We put a pointer into the object's vtable at offset 0, and the actual data at offset 8. Here are the vtables:
vtable for Base1:
.quad 0
.quad typeinfo for Base1
.quad Base1::foo()
vtable for Base2:
.quad 0
.quad typeinfo for Base2
.quad Base2::bar()
The vtable pointer in the object (OFFSET FLAT:vtable for Base1+16) is offset to point directly at the methods. When we call the methods this pointer is dereferenced to get the function pointer:
void Base1_call_foo(Base1 * b1) { b1->foo(); }
void Base2_call_bar(Base2 * b2) { b2->bar(); }
Base1_call_foo(Base1*):
mov rax, QWORD PTR [rdi]
jmp [QWORD PTR [rax]]
Base2_call_bar(Base2*):
mov rax, QWORD PTR [rdi]
jmp [QWORD PTR [rax]]
At first this looks like a problem: if we pass a pointer that is actually an instance of Derived, however its vtable is organized it appears that these functions would both call the same function pointer! Obviously this doesn't happen, so let's see what Derived looks like:
Derived* new_derived() {
return new Derived();
}
new_derived():
...
mov QWORD PTR [rdx], OFFSET FLAT:vtable for Derived+16
mov DWORD PTR [rdx+8], 1
mov QWORD PTR [rdx+16], OFFSET FLAT:vtable for Derived+48
mov DWORD PTR [rdx+24], 2
mov DWORD PTR [rdx+28], 999
...
vtable for Derived:
.quad 0
.quad typeinfo for Derived
.quad Derived::foo()
.quad Derived::bar()
.quad -16
.quad typeinfo for Derived
.quad non-virtual thunk to Derived::bar()
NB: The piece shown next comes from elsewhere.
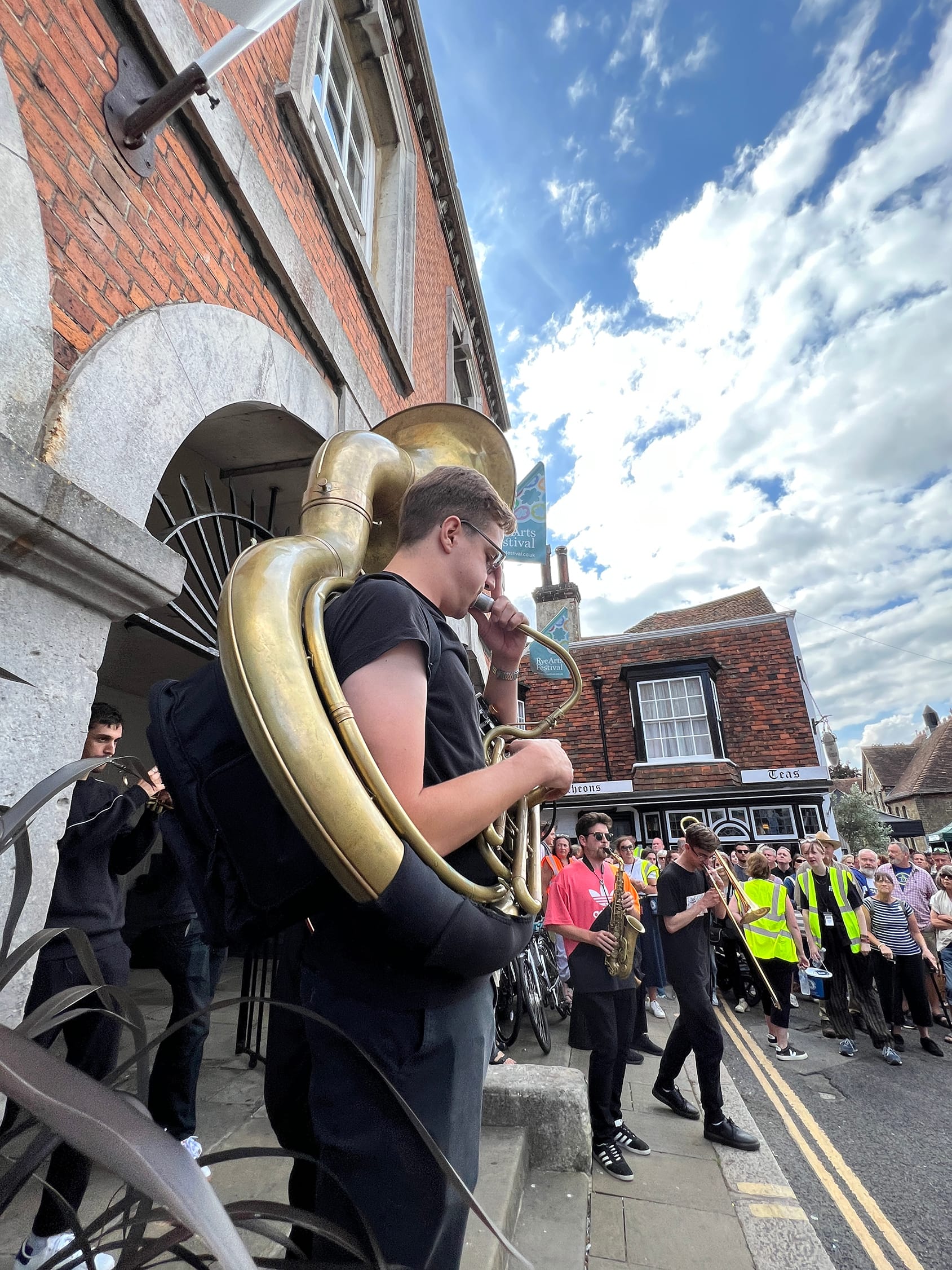There was one time a bird flew down the sousaphone, followed by a lot of scrabbling & scratching before it found its way out. Fortunately, we hadn't started playing, otherwise that bird would be seeking the help of an audiologist.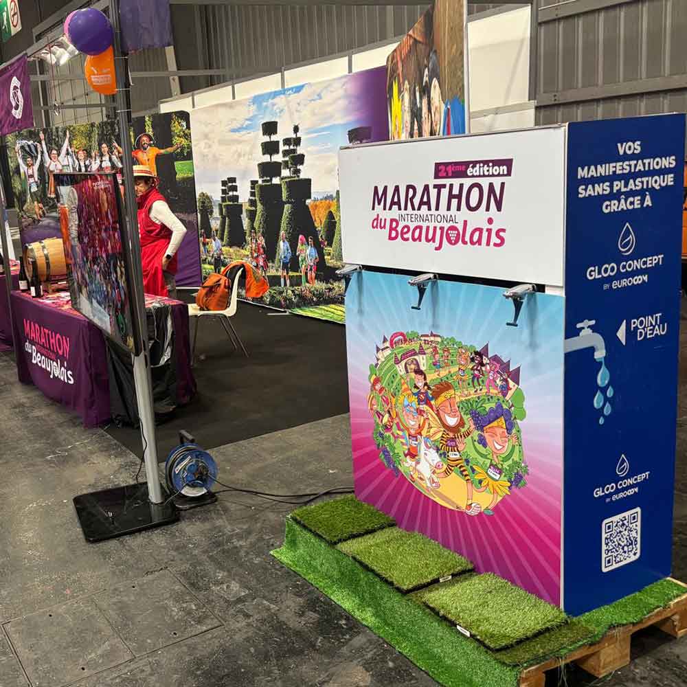 Chez Gloo Concept by Eurocom, nous concevons des fontaines à boissons spectaculaires qui allient design, fonctionnalité et communication visuelle. Véritables outils de mise en scène, nos dispositifs transforment chaque événement en un moment mémorable, tout en offrant une hydratation pratique et personnalisable à vos invités.

We can see that Derived actually contains two vtable pointers; one to Derived::foo and Derived::bar, and one that points to "non-virtual thunk to Derived::bar" (this is the "trampoline" that Ben Voigt's answer mentions). These pointers are interleaved with the class data. To see how they are used, we can first look at how derived->foo() and derived->bar() are called:
void Derived_call_foo(Derived * d) { d->foo(); }
void Derived_call_bar(Derived * d) { d->bar(); }
Derived_call_foo(Derived*):
mov rax, QWORD PTR [rdi]
jmp [QWORD PTR [rax]]
Derived_call_bar(Derived*):
mov rax, QWORD PTR [rdi]
jmp [QWORD PTR [rax+8]]
They both call their respective function pointers from the first vtable. So what is the second vtable for? Finally we can look at what happens when we cast Derived to Base1 or Base2:
Base1* Derived_cast_to_Base1(Derived * d) { return d; }
Base2* Derived_case_to_Base2(Derived * d) { return d; }
Derived_cast_to_Base1(Derived*):
mov rax, rdi
ret
Derived_case_to_Base2(Derived*):
mov rax, rdi
test rdi, rdi
je .L19
add rax, 16
.L19:
ret
Casting to Base1 is a no-op (we just copy the pointer). This works because the beginning of both the Derived object's layout and vtable match the layout of Base1: foo is the first function in the vtable and b1_data immediately follows the vtable pointer.
However casting to Base2 instead returns a pointer 16 bytes into the object, where the second vtable pointer is located. (The test makes sure we leave a null pointer unchanged.) This vtable starts with a pointer to the Derived::bar trampoline and is followed by b2_data, so this is compatible with a Base2 pointer! Indeed this is a sort of "Base2 component" inside Derived. Visually:
+--------+---------+
Base1: | vtable | b1_data |
+---|----+---------+
V
+------------+
| Base1::foo |
+------------+
+--------+---------+
Base2: | vtable | b2_data |
+---|----+---------+
V
+------------+
| Base2::bar |
+------------+
+--------+---------+--------+---------+-------------+
Derived: | vtable | b1_data | vtable | b2_data | derivedData |
+---|----+---------+---|----+---------+-------------+
| V
| +--------------------+
| | Derived::bar thunk |
V +--------------------+
+--------------+--------------+
| Derived::foo | Derived::bar |
+--------------+--------------+
The one remaining function to look at is the trampoline:
.set .LTHUNK0,Derived::bar()
non-virtual thunk to Derived::bar():
sub rdi, 16
jmp .LTHUNK0
Here we subtract the offset of 16 that we added when converting from a Derived to get back the pointer to the full object, then jump to the actual Derived::bar implementation. This is safe because the vtable containing this function is only used by instances of Base2 that were converted from Derived.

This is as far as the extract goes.